● Problem details: Without any pictures, print the lines below from the one that has "在厦门大学法学院党委的精心指" through the one that has "近日,北京科技大学tapta", exactly and nothing else.

*** Dataset ***

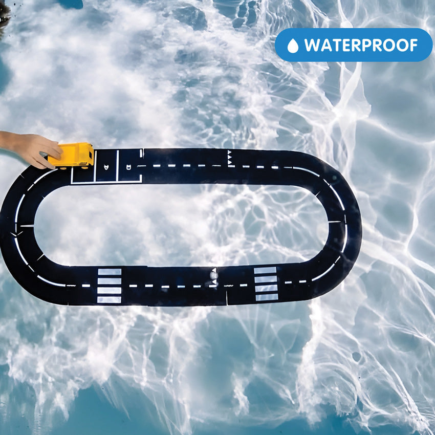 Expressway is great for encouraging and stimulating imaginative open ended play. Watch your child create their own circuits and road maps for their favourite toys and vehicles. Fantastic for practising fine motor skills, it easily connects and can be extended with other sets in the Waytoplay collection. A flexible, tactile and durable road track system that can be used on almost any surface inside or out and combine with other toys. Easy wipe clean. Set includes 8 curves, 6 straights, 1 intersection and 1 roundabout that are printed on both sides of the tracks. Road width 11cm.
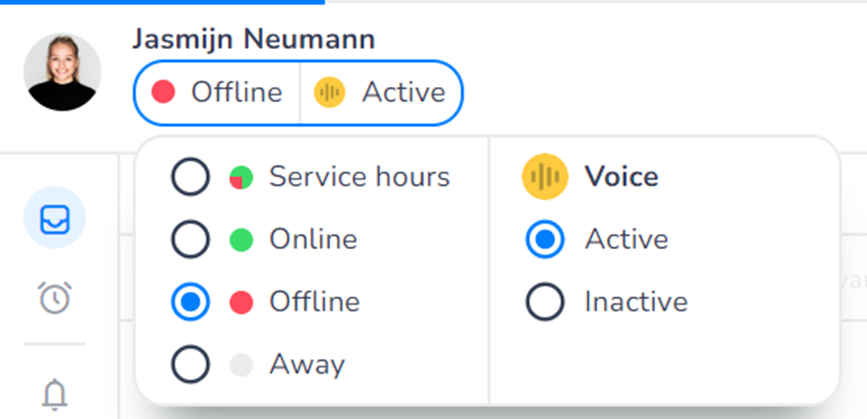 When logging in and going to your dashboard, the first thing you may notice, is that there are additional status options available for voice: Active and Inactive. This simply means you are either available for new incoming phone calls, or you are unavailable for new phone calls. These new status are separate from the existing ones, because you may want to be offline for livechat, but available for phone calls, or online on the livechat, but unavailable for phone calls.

*** End of Dataset ***
*** Dataset ***

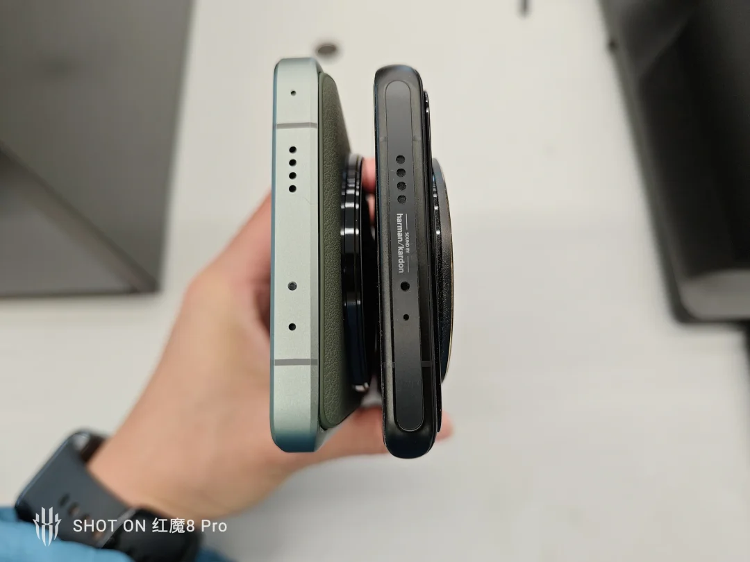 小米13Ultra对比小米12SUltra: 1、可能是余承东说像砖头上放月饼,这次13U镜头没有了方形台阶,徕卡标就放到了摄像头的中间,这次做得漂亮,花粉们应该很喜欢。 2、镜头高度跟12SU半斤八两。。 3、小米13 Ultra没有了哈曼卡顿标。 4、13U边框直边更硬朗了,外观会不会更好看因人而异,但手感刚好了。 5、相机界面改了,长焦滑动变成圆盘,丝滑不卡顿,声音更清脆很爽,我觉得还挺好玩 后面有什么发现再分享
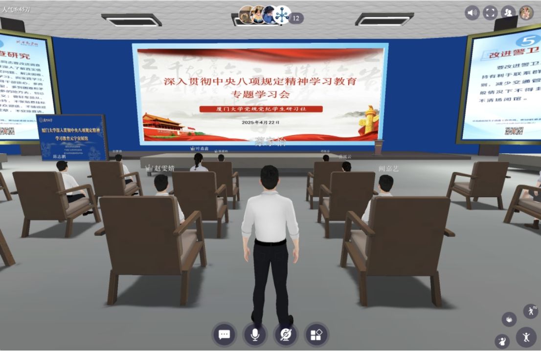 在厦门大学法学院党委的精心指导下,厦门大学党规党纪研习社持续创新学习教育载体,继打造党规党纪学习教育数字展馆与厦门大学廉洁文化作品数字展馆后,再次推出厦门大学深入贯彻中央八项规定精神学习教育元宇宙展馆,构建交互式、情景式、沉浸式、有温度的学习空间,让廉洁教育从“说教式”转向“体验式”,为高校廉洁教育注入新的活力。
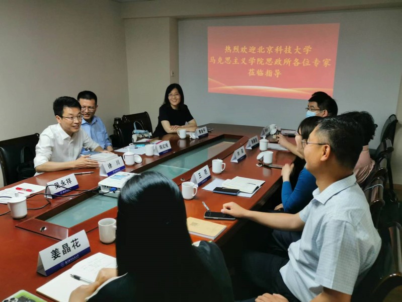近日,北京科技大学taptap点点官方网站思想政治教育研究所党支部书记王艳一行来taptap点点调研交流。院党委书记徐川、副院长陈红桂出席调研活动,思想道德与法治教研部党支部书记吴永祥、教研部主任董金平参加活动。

*** End of Dataset ***

● Task answer:
 在厦门大学法学院党委的精心指导下,厦门大学党规党纪研习社持续创新学习教育载体,继打造党规党纪学习教育数字展馆与厦门大学廉洁文化作品数字展馆后,再次推出厦门大学深入贯彻中央八项规定精神学习教育元宇宙展馆,构建交互式、情景式、沉浸式、有温度的学习空间,让廉洁教育从“说教式”转向“体验式”,为高校廉洁教育注入新的活力。
近日,北京科技大学taptap点点官方网站思想政治教育研究所党支部书记王艳一行来taptap点点调研交流。院党委书记徐川、副院长陈红桂出席调研活动,思想道德与法治教研部党支部书记吴永祥、教研部主任董金平参加活动。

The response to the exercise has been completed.